The depths you've probed are impressive. It seems the need for individual control is at the root of this debate. Life can't simply work on it's on, and be what it is... we have to push it around!

At the core, I don't think the artist ever really chooses what they want to convey. Inspiration comes out of nowhere to compose a certain way, and after comes the intellect to dissect it for reasons why. It's a hard pill to swallow for most.


----------



## hreichgott (Dec 31, 2012)

To me it seems obvious that music has emotional content.

But here's what I get from that Ravel quote in the OP -- Making music takes a whole lot of hard work, and work on many different levels. I know that when I study a piece I am always thinking of the experience I want listeners to have, but I spend lots of time working out mechanical issues, analyzing different parts of the piece, drawing connections from one section to another, figuring out what in the heck is going on with my thumb... all of this is geared toward presenting the musical content (emotional and otherwise) as effectively as possible. We don't prepare music by just sitting down, being overcome by emotion and producing musical magic. 

I notice that many people, particularly musical dabblers, seem to think hard work and intellectual work are somehow opposed to expressive music-making. This might be the sort of romantic notion that PetrB wrote the original post about. The reality is that all the hard work and careful thought help us understand the expressive possibilities of the music and communicate them to their fullest. (And if we want to be emotionally spontaneous in performance without train-wrecking, we need to be that much more prepared both technically and in our understanding of the music.)


----------



## KenOC (Mar 7, 2011)

hreichgott said:


> But here's what I get from that Ravel quote in the OP -- Making music takes a whole lot of hard work, and work on many different levels.


Yes...indeed. If I take Ravel's quote to mean his music is 25% inspiration and 75% perspiration, then he must have been one of the most inspired composers in history! I suspect it's usually more like 5%/95%, and that's on a good day.


----------



## EdwardBast (Nov 25, 2013)

some guy said:


> And round and round and round we go.


There is another way off the carousel. Those in this thread who have been arguing that _music's formal properties express emotion_ might have it backwards. I believe that the inverse is true: that, in fact, _music's expressive properties organize its form_. Or to use your words: "[Expression] is a servant, it has [structural] purposes and it exists primarily to accomplish those purposes." What purposes? From Beethoven on: imposing comprehensive formal and dramatic unity on ever larger musical structures. As one would expect, composers of this era exploited every resource available to them in accomplishing this goal. Arranging their thematic material in ways suggesting (or simulating?) coherent sequences of human emotion was one particularly potent means to this end. This is one explanation for why more than half of their sonatas and symphonies beginning in the minor mode end in the major; It lends a sense of direction to the overall progression that any reasonably sensitive listener will understand. This might also be why the standard model of sonata form in the nineteenth century specified two contrasting themes; Strong binary oppositions, including modal contrast, create expressive tension that augments the purely formal tensions of harmonic and tonal progressions. For tensions based on a simulated contrast of human expressive states have an advantage over such purely formal tensions; They are associated with specific themes and motives and so can be reactivated later in the work by quoting or transforming these themes.

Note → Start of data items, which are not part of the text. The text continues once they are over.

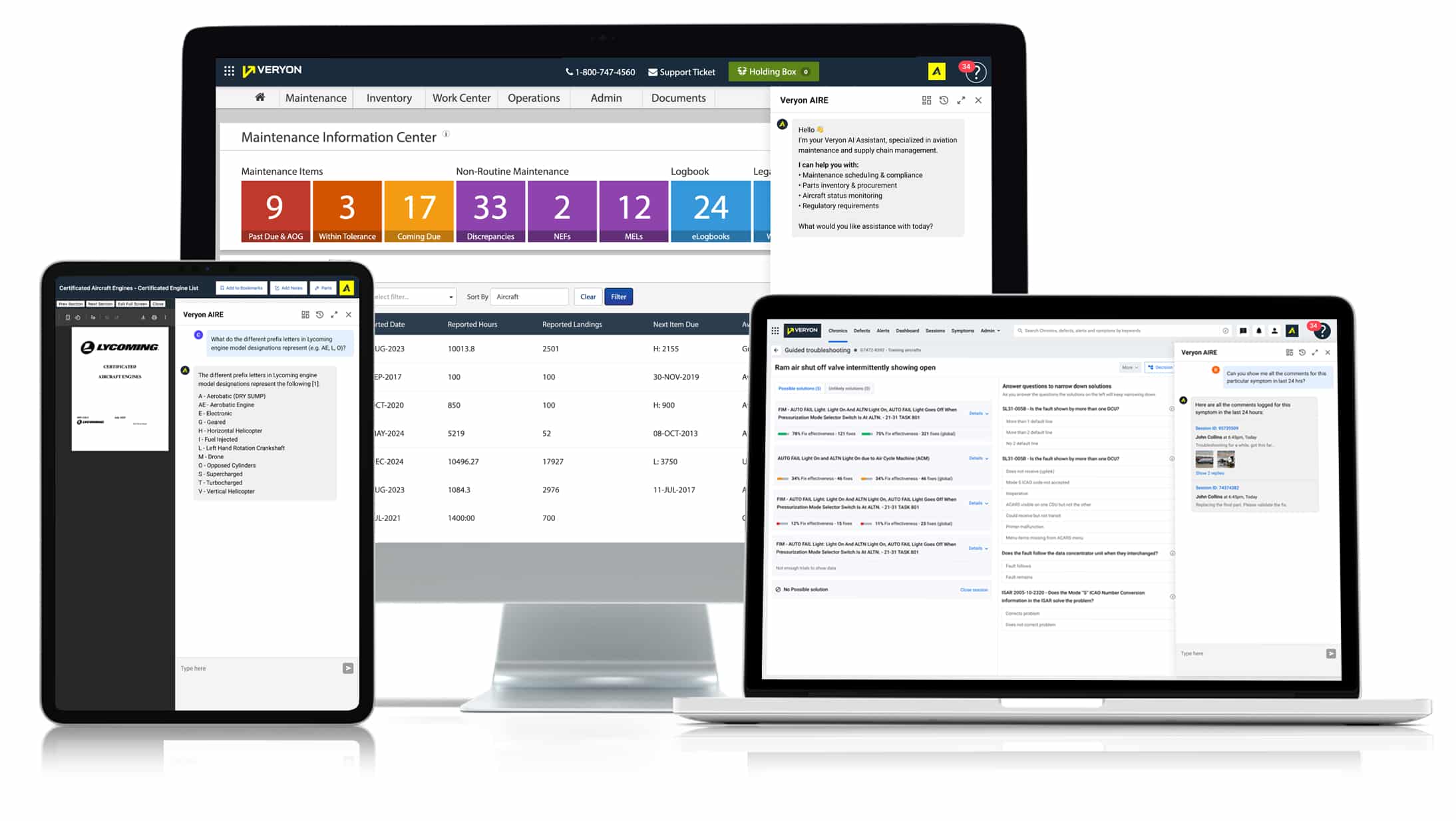 - Veryon Tracking: VeryonAIRE acts as a conversational AI interface that allows operators to interact directly with their maintenance and inventory data, including viewing aircraft maintenance status, managing inventory and planning for maintenance, and staying continuously compliant.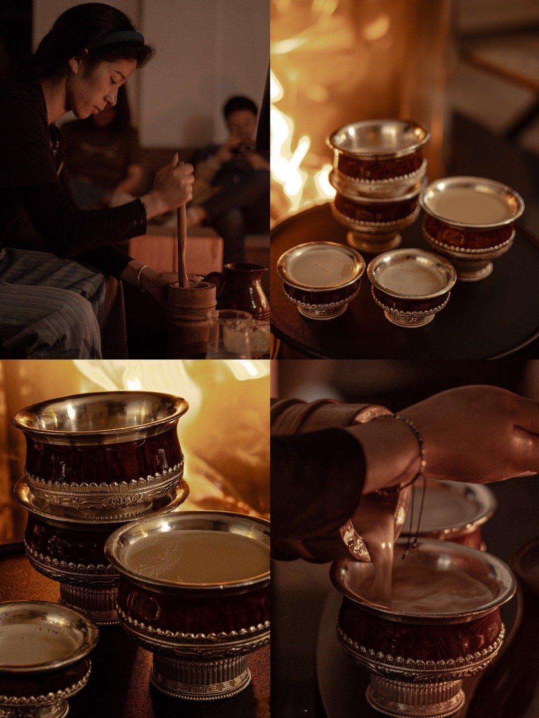 这是酒店组织的很温馨的一个小活动,晚上天黑之后,在大堂吧一角,点上火炉,放着电影,准备好了水果和小食,店员小姐姐就在这里亲自给客人做酥油茶,会热情的邀请每位客人来参与,此时此刻大家围坐在一起聊着天,就好像一个温暖的大家庭~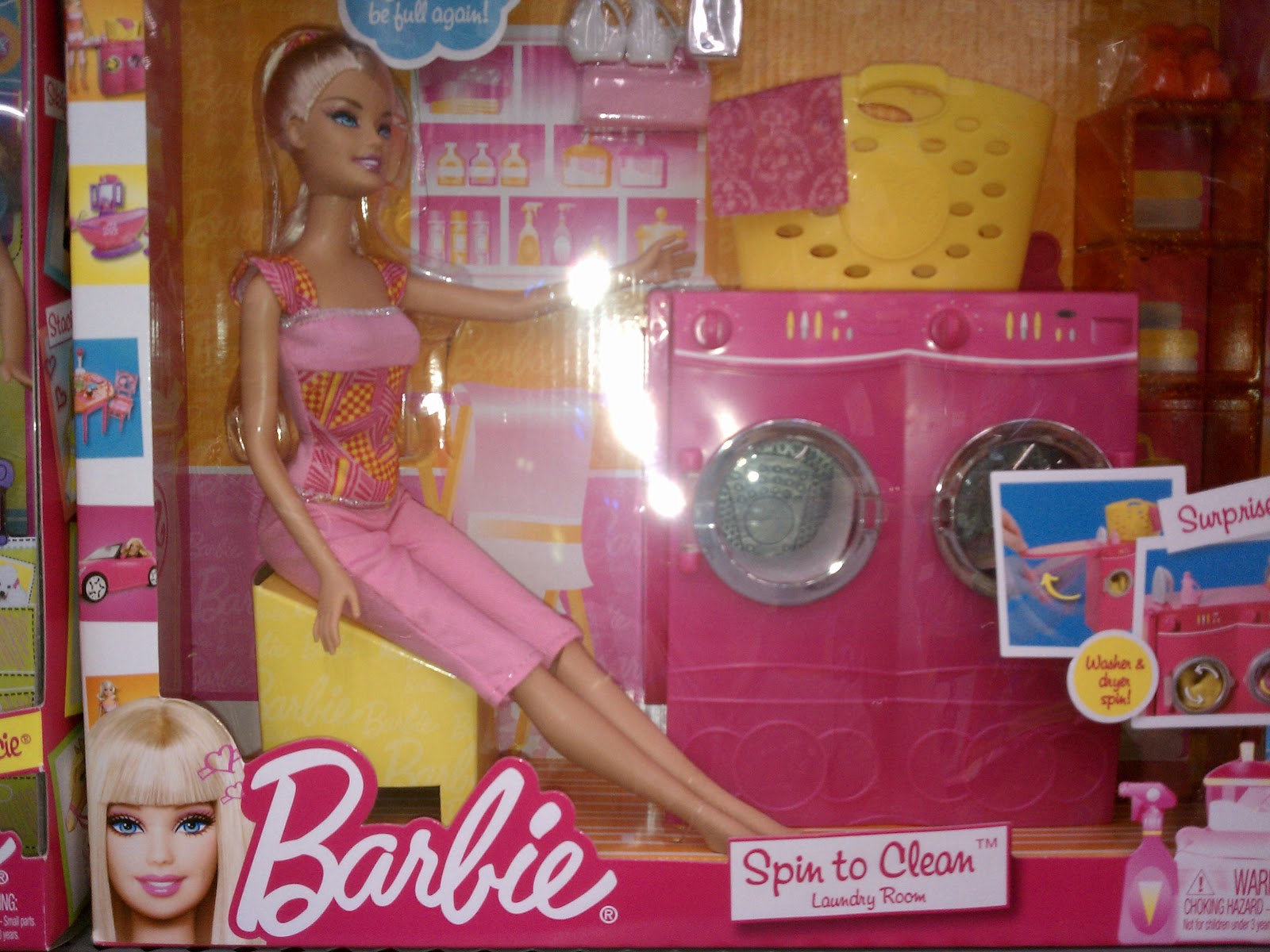 What I'd like to know about the Spin-to-Clean Barbie is why the frick isn't Ken sitting his keister next to the the washing machine and dryer waiting on the clothes to be done? Doesn't Ken have to wash his nasty-ass clothes, too? No, he's got his bitch, Barbie, to do it. Look how happy she is to be waiting for the spin cycle to stop so she can get to work being Suzy Homemaker. See, girls in a nubile state of learning, you too can sit on your tushie, watching your soaps, washing your man's clothing while he earns the dollars. (This one irritated me.) (No, really?) (I have to stop blogging now to go do the laundry.)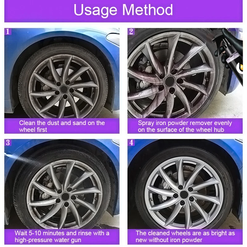 Enlevez facilement la rouille et la poussière du fer. Le dépoussiéreur de rouille et de poussière du fer peut facilement enlever la poussière de frein sur la roue et les taches de rouille sur la peinture, qui ne peuvent pas être enlevées avec un autre nettoyant. Restaurez la couleur d’origine de votre voiture.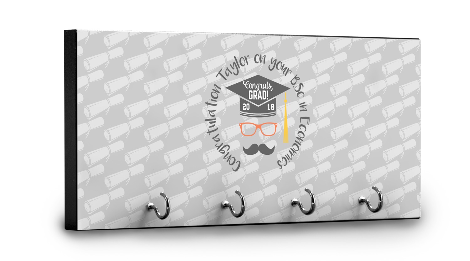 This whimsical and fun design makes the perfect graduation gift. We chose a tone on tone background with graduation scrolls and chose a light grey color. We chose graphic with circular text for our personalization style; change the text to suit your graduate. Customize the colors in the hipster graphic including the glasses, tassel and mustache color. We have other graduate backgrounds as well as graduate graphic in our system. So go ahead and change things to suit your graduate.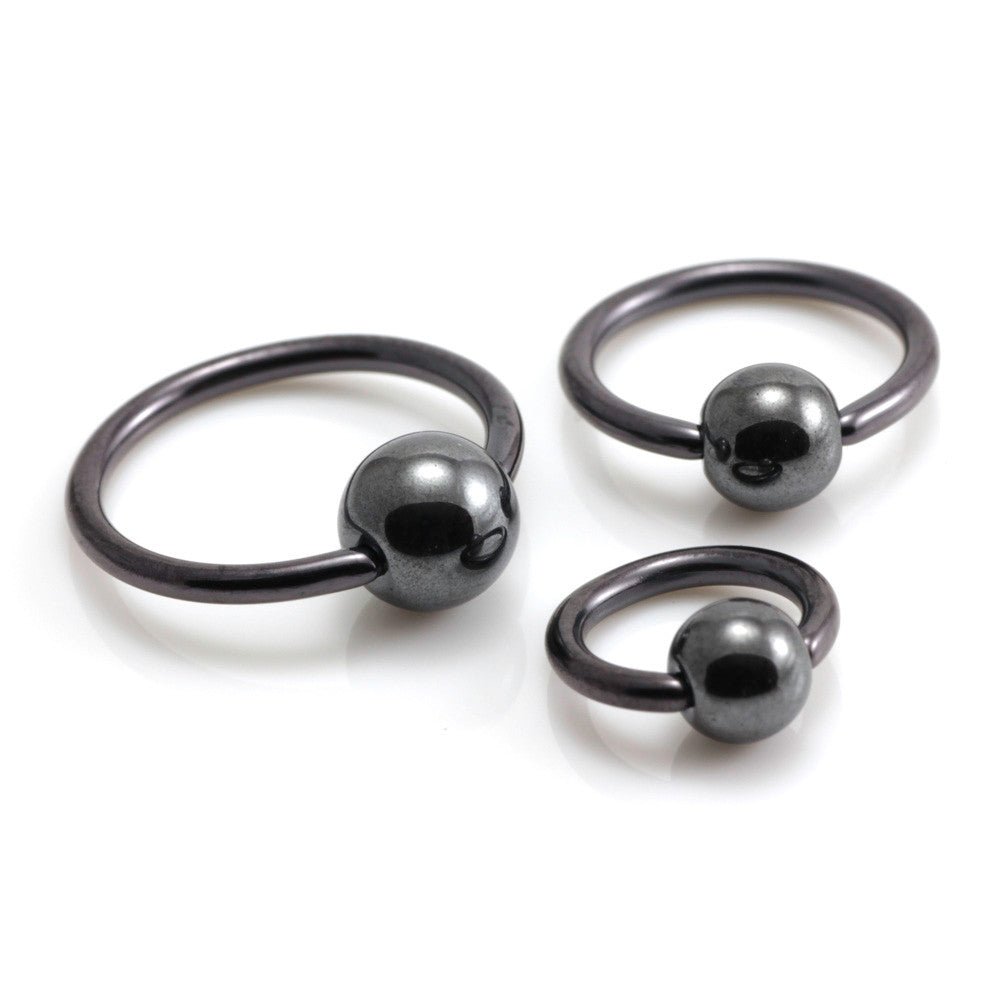 PVD Black on Titanium BCR with Hematite Bead Gauge: 1.2mmSize: 6/7/8/10/11mm Ball size as standard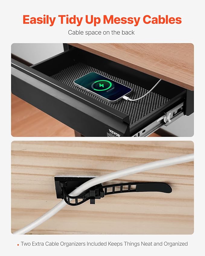 - ✅[Cable Management]: The pull-out drawer attachment features cable holes at the back, ideal for storing devices that need power. Keep your desk neat by placing devices inside and running cables through the hole. Plus, two cable organizers help secure cords under the desk, keeping your workspace tidy and organized.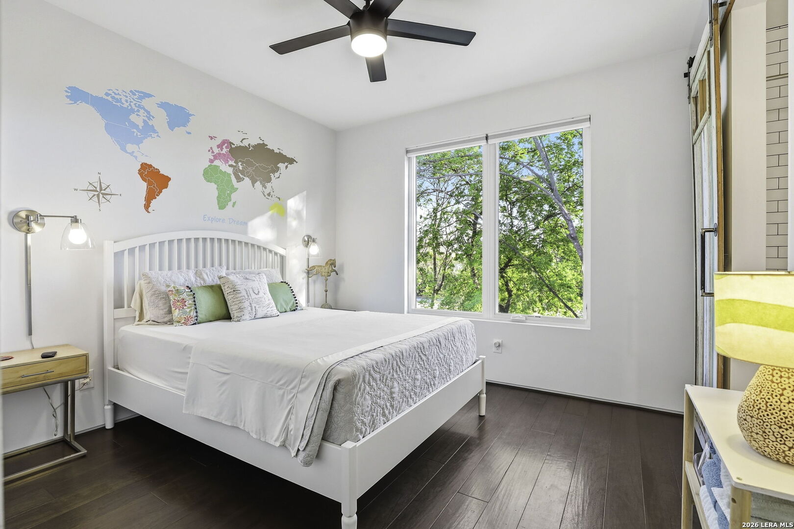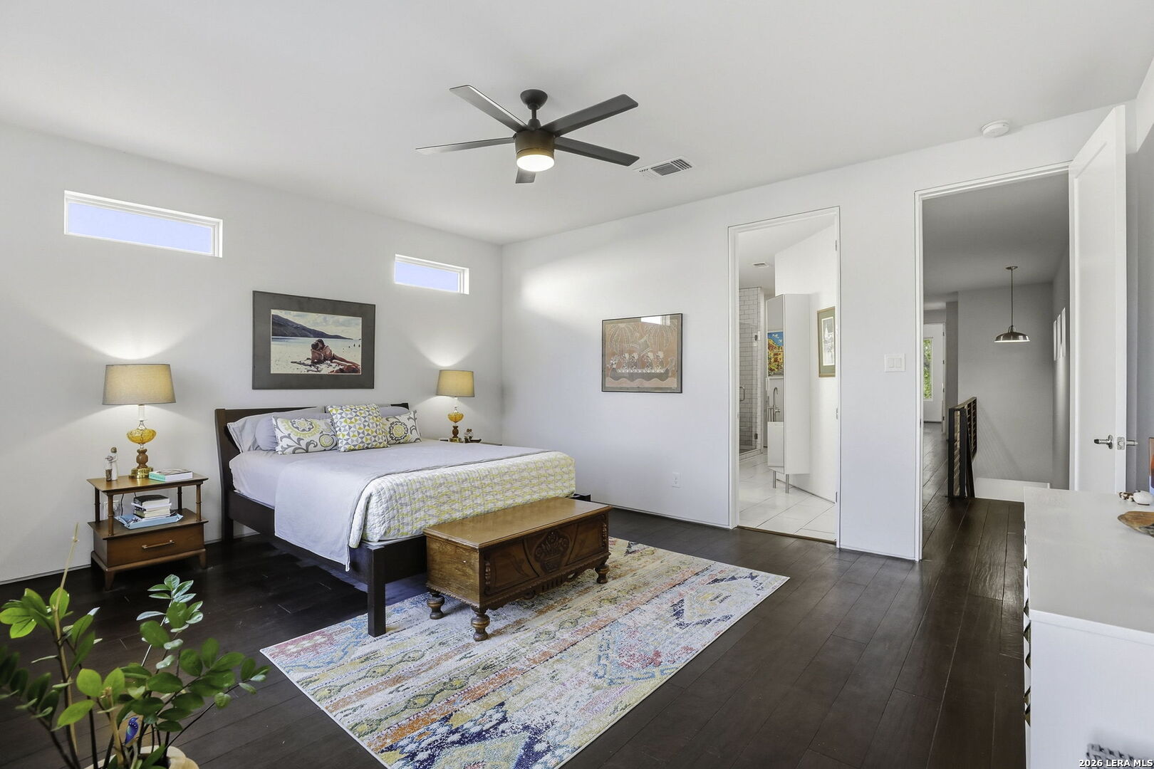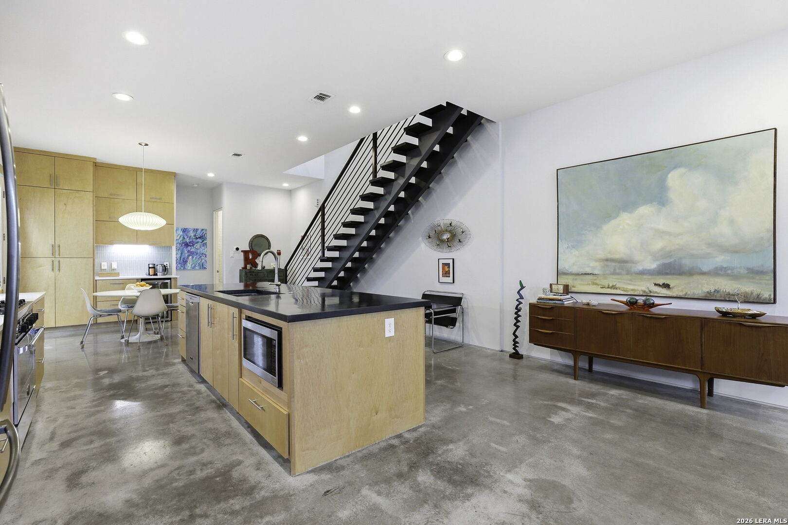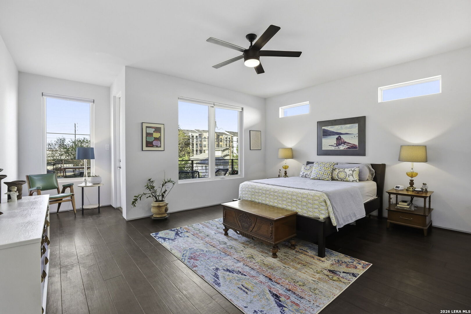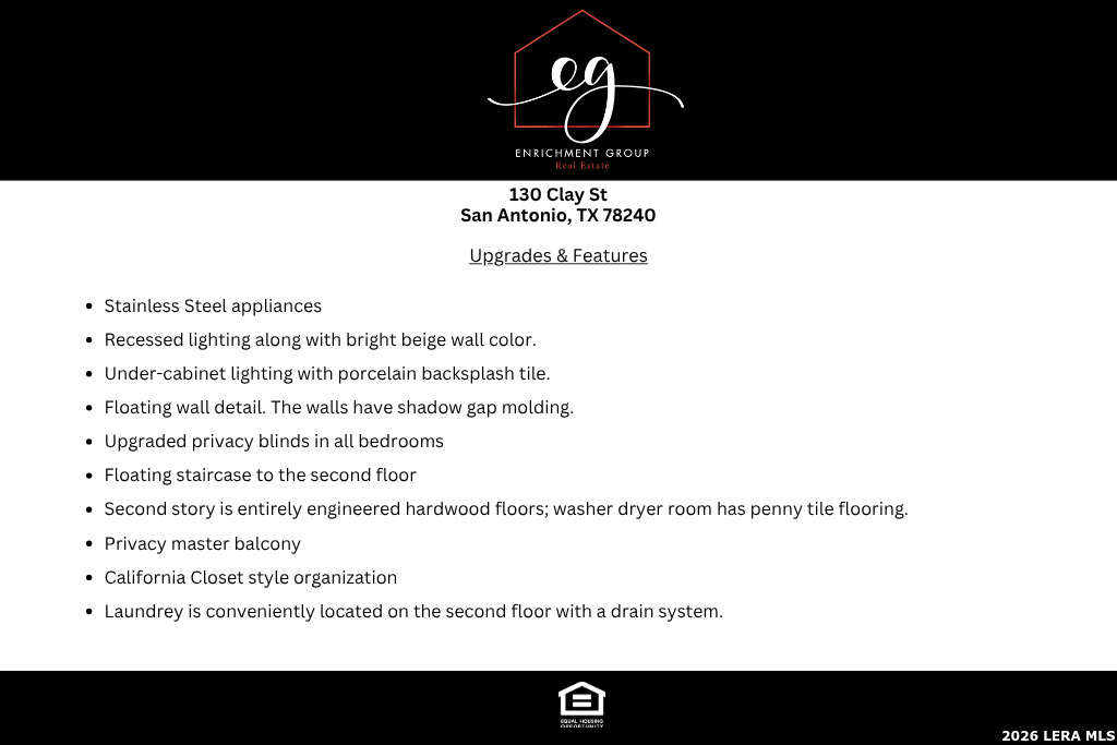 Modern Urban Oasis in the Heart of Lone Star, San Antonio Welcome to your dream home in the vibrant and growing Lone Star District of San Antonio. This stunning modern residence offers the perfect blend of urban living and serene comfort, just an 8-minute walk to the picturesque San Antonio River and the lively Blue Star Arts District. Enjoy being within walking distance to a variety of restaurants, with the historic San Pedro Springs Park just a 12-minute stroll away. Step inside this exquisite 3-bedroom, 3 full-bath home and experience its contemporary design and thoughtful layout. The exterior showcases a stylish combination of stucco and wood, complemented by a durable metal roof and a covered two-car carport with an automatic gate for added security. At the entrance, you'll find a charming courtyard patio complete with a fireplace-perfect for relaxing evenings-along with access to a versatile side yard and a functional backyard with a storage shed. Inside, high ceilings and abundant natural light highlight the open-concept living space. The seamless flow between the living room, kitchen, and dining area is enhanced by European-style maple cabinetry and modern recessed lighting. The gourmet kitchen features a built-in microwave, gas range with oven, and sleek metal countertops-ideal for both everyday living and entertaining. The main level includes a convenient guest bedroom that overlooks the backyard and has a stunning full bathroom. Upstairs, a striking floating staircase leads to the second floor, where engineered hardwood flooring continues throughout. The primary suite is a true retreat, offering large windows, a private patio for morning coffee, and a spa-like bathroom with a separate shower and a soaking tub. The spacious primary closet features California-style organization. An additional upstairs bedroom includes its own private bathroom, and the laundry room is conveniently located on the second floor for easy access. Experience the best of urban living in this exceptional home. Don't miss your opportunity to own a property that seamlessly combines modern design, comfort, and unbeatable location. Schedule your tour today!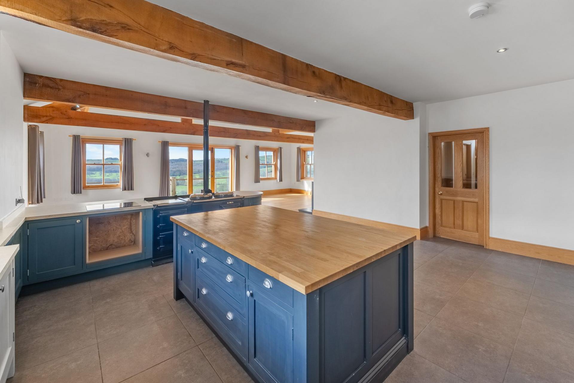 The impressive ground-floor accommodation centres around a stunning open-plan kitchen and living area providing generous sitting and dining spaces with vaulted ceilings, exposed oak beams and glazed doors leading directly onto the sun terrace. The kitchen is fitted with a range of stylish units with worktops, central island and breakfast bar, together with an oil-fired AGA.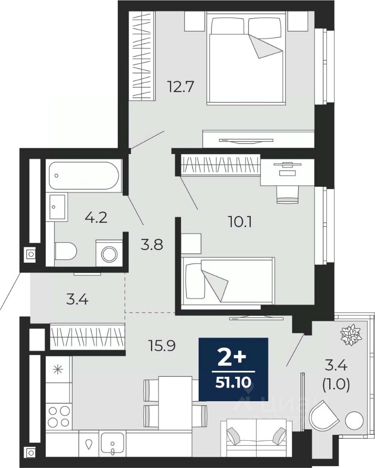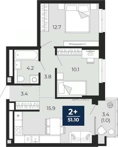 Продается двухкомнатная квартира с предчистовой отделкой в ЖК "Мириады" на 8 этаже. Общая площадь: 51.1 кв.м., жилая: 22.8 кв.м., площадь просторной кухни-столовой: 15.9 кв.м. Комнаты изолированные, все окна выходят на одну сторону. В квартире один балкон, один совмещенный санузел. Высота потолков 2.7 м.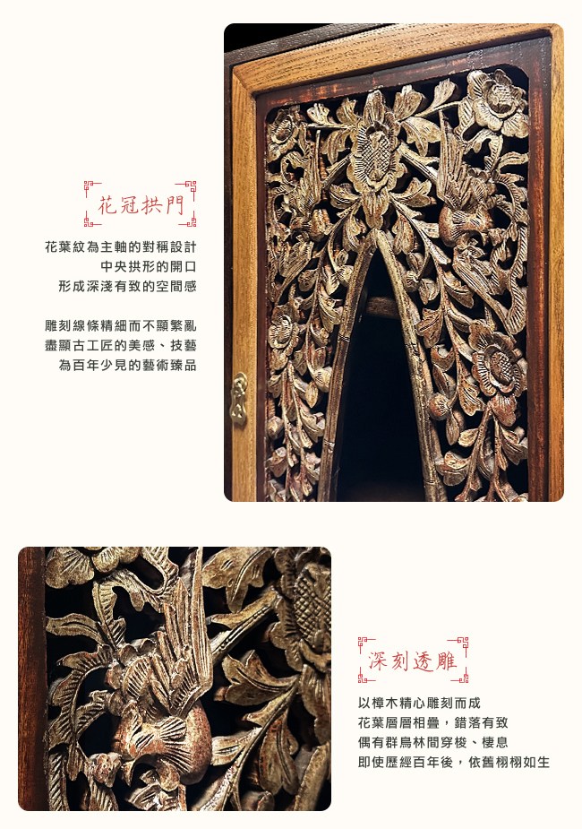 花冠拱門的古法手工雕板,花葉紋為主軸的對稱設計,中央拱形的開口,形成深淺有致的空間感。雕刻線條精細而不顯繁亂,盡顯古工匠的美感、技藝,為百年少見的藝術臻品。以樟木精心雕刻而成,花葉層層相疊,錯落有致,偶有群鳥林間穿梭、棲息。即使歷經百年後,依舊栩栩如生。下方的榆木前板抽屜,保留原木風貌。深邃的木紋,刻畫歲月痕跡,洗鍊品味,脫俗格調,讓空間的藝術感,增添歷史人文的沈穩氣息。

Is the expression described above the expression of specific human emotions? No. The expressive qualities are musical ones, existing only in relation to the musical materials at hand and having only a general sort of extramusical significance. Such expressive qualities are specified only enough to accomplish their structural function and no farther. Does a tense theme opening a symphony represent Fate, anger, terror or despair? It doesn't matter. It only matters that it is somewhere on the darker end of the human expressive continuum so that when it is transformed in the major mode in the finale (for example), the overall progression seems purposeful. This is one of many ways composers of the last two centuries learned to keep listeners on the edge of their seats.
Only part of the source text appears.